While I don’t read science journals, I don’t believe I’ve ever seen a journal in which peer objections were published (and the idea that reviewers do not necessarily endorse the conclusions contained within an article they’ve reviewed and passed does not need to be stated, as it’s a given.)

Well, I haven’t seen them state their endorsement one way or the other (and I do have to read my share of those journals).

They could include the 50 main point objections as a preface to that journal edition, or as usual, wait for other scientists to mail them and then print their responses in the “Letters to the Editor” section.

Just throwing this out there, but just because an article is peer reviewed, doesn’t mean that it is in any way accurate. Many journals, allow you to designate who peer reviews your article, which allows for quite a bit of abuse in the form of circles of people reviewing each other’s papers.
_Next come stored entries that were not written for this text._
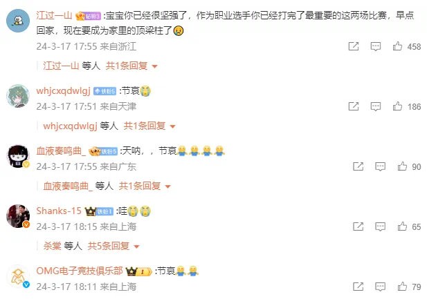 Angel粉丝,好友香克斯和OMG队伍都给Angel留言,希望Angel节哀,理解他下场比赛打不了。
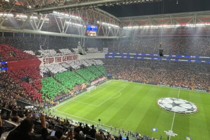 Sarı-kırmızılı taraftarların karşılaşma öncesi dev Filistin bayrağı ve “Soykırımı durdurun” (Stop The Genocide) yazısıyla oluşturdukları koreografi, katil İsrail’in medyasının UEFA&#...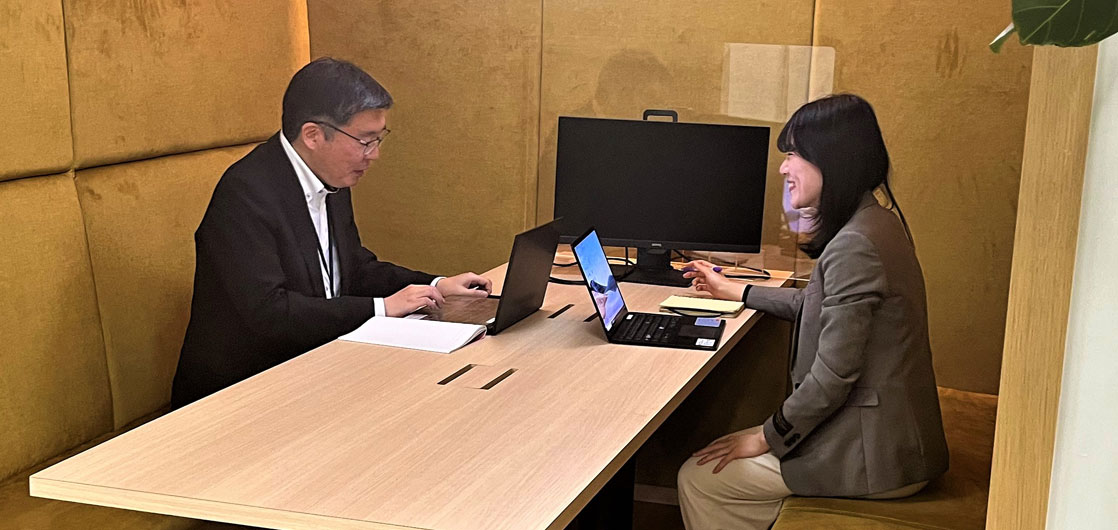 月1回程度、所属部署内での1on1ミーティングを実施しています。事業環境の変化、価値観の多様化など、仕事を取り巻く環境が変化する中、対話の質を高めながら、業務の基盤となる関係づくりやその人らしい成長サポート実現を目指しています。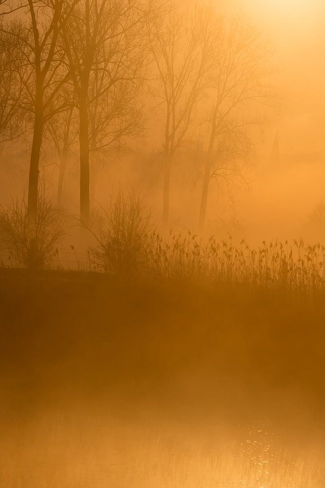 Achetez cette œuvre d'art de paysage Brouillard entrant par un matin ensoleillé et glacial sur la Dendre. par Marcel Derweduwen sur toile, aluminium, ArtFrame ou photographie (encadrée), impression d'art en haute qualité et tout format.

And the idea that scientists are keeping down the “theory” (god do I hate how that word got usurped) of intelligent design is inane. If real peer reviewed articles, making testable and replicable claims and demonstrating experiments that clearly show the presence of an intelligent designer were published, then I, speaking as a scientist and an agnostic, would think that was pretty freaking cool.
I will sit down and read this study, and see what I think.
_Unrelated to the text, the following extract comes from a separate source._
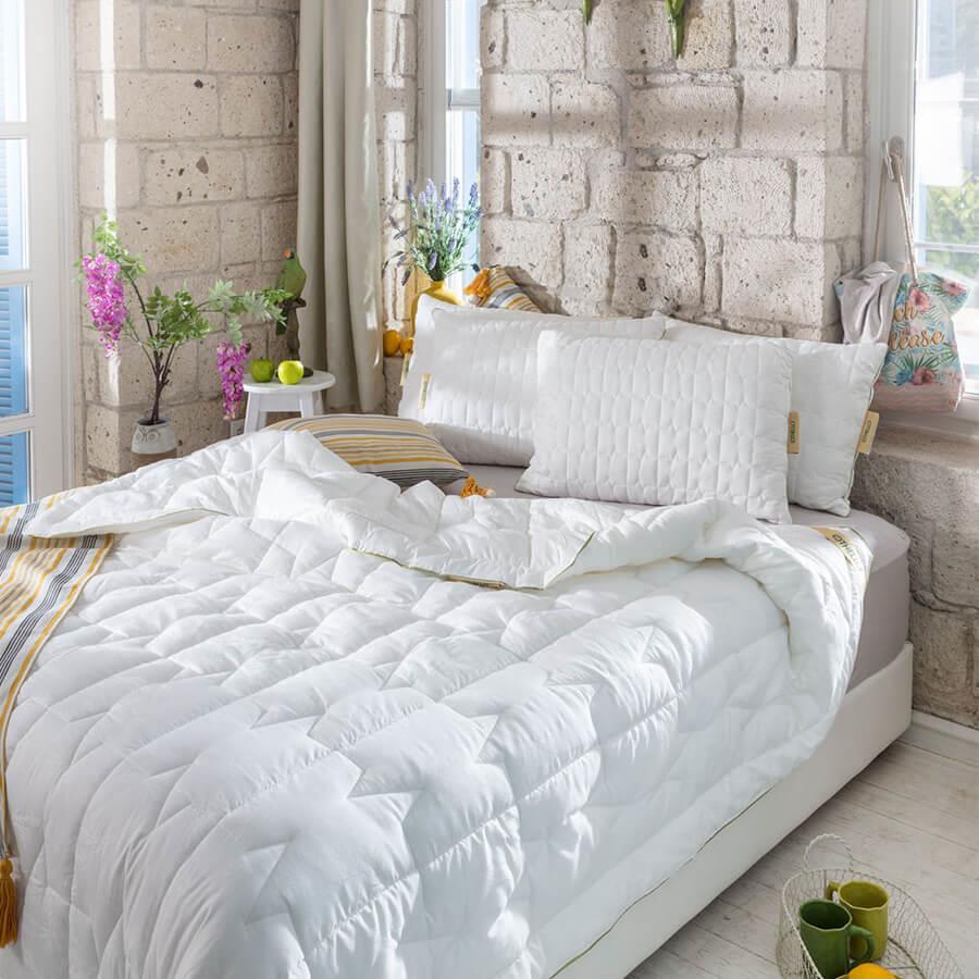 يمتص الخيزران الماء أكثر بثلاث مرات من القطن، ويجف أسرع بأربع مرات. يمكن غسله في درجة حرارة 30 مئوية، ولا يُصدر رائحة، ويسمح للجسم بالتنفس. يُنسج خيط الخيزران، المُستخرج من لب نبات الخيزران وغزله، مع خيوط أخرى مثل القطن. تمنع مادة بامبو-كون الموجودة فيه نمو البكتيريا، ولها خصائص طبيعية مضادة للبكتيريا. تحتوي الحشوة الداخلية على ألياف الخيزران الطبيعية. 70% حشوة من ألياف HCS (سيليكونية مجوفة مترافقة) من الدرجة الأولى، و30% حشوة من الخيزران. يمتص العرق من الجسم فورًا. وهو مادة حشو طبيعية. يمكن غسله في الغسالة على درجة حرارة 30 مئوية.

What scientists are keeping down is that notion that anyone can just come up with a hypothesis (which is what ID is), call it a theory and demand equal consideration with things, such as evolution, which have demonstrated mountains of supportive evidence.
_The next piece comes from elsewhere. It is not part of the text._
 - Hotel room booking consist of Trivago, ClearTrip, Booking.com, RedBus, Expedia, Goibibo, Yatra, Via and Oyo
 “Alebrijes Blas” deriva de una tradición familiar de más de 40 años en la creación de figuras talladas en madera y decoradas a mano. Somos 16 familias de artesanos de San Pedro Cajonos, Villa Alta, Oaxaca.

I’ve said it before, believe in a creator if you want to. That’s fine. But don’t believe that your hypothesis of his existance can ever be a theory. As such, it does NOT get equal consideration.

Scientific theories are premises, not conclusions. For example - Why do objects fall to earth? Premise - The earth and the objects attract each other with a force proportional to the inverse square of the distance between their centers of mass. Conclusion 1 - If that premise is true then the planets should circle the sun in ellipses. Observation - The planets do circle the sun in ellipses. Conclusion 2 - The moon is X miles from the center of the earth so it should circle the earth at Y mph. Observation - The moon does circle the earth at Y mph withing the limits of our measurement error.

Do you begin to grasp that a theory is not a fact but is a premise that is either supported by observation of facts that it predicts or is not so supported.

Maybe, but don’t bet the farm on it.

The idea of purposeful, intelligent design is not a new idea. All of the following references are taken from Man And His Gods by Homer W. Smith, Little-Brown & Co.

In 1691 John Ray in The Wisdom of God Manifest in The Works of Creation argued the beneficence of the Almighty based on the adaptation of animals to man’s requirements and their own environment.

In 1701 Nehmiah Grew in Cosmological Sacra, or a Discourse on the Universe as it is the Creature and Kingdom of God gave examples of design such as, ‘a crane, which is scurvy meat, lays but two eggs in the year, but a partridge and pheasant, both excellent meat, lay fifteen or twenty.’

Archdeacon Paley wrote Natural Theology in 1802. In it he stated that nature, particularly human anatomy, requires in each of many particulars ‘an intelligent and designing mind for the contriving and determing of the forms which organized bodies bear.’

Smith states (p 341) that, “The argument from design culminated in the Bridgewater Treatises … [which] purported to show, by a mighty array of pious science, that God the Creator had foreseen and taken care of all the requirements of man, down to the chemistry of the stomach and intestines.”

All such ideas were carefully considered and dismissed in the 19th century as faulty by such writers as David Hume and others…

In fact the idea of a designer in the form of God long predates natural evolution as a theory.

I’ve seen it done. Was it the remote viewing paper, or the Geller experiment? Whichever, it was as doubtful as this paper, with an equally large amount of objections to it as ‘good science’, such that it would normally be rejected. I believe it was in Nature.

I believe that, if the objections are as many, as severe, and as pointed to normally insist on the rejection of the paper, they should be published with it.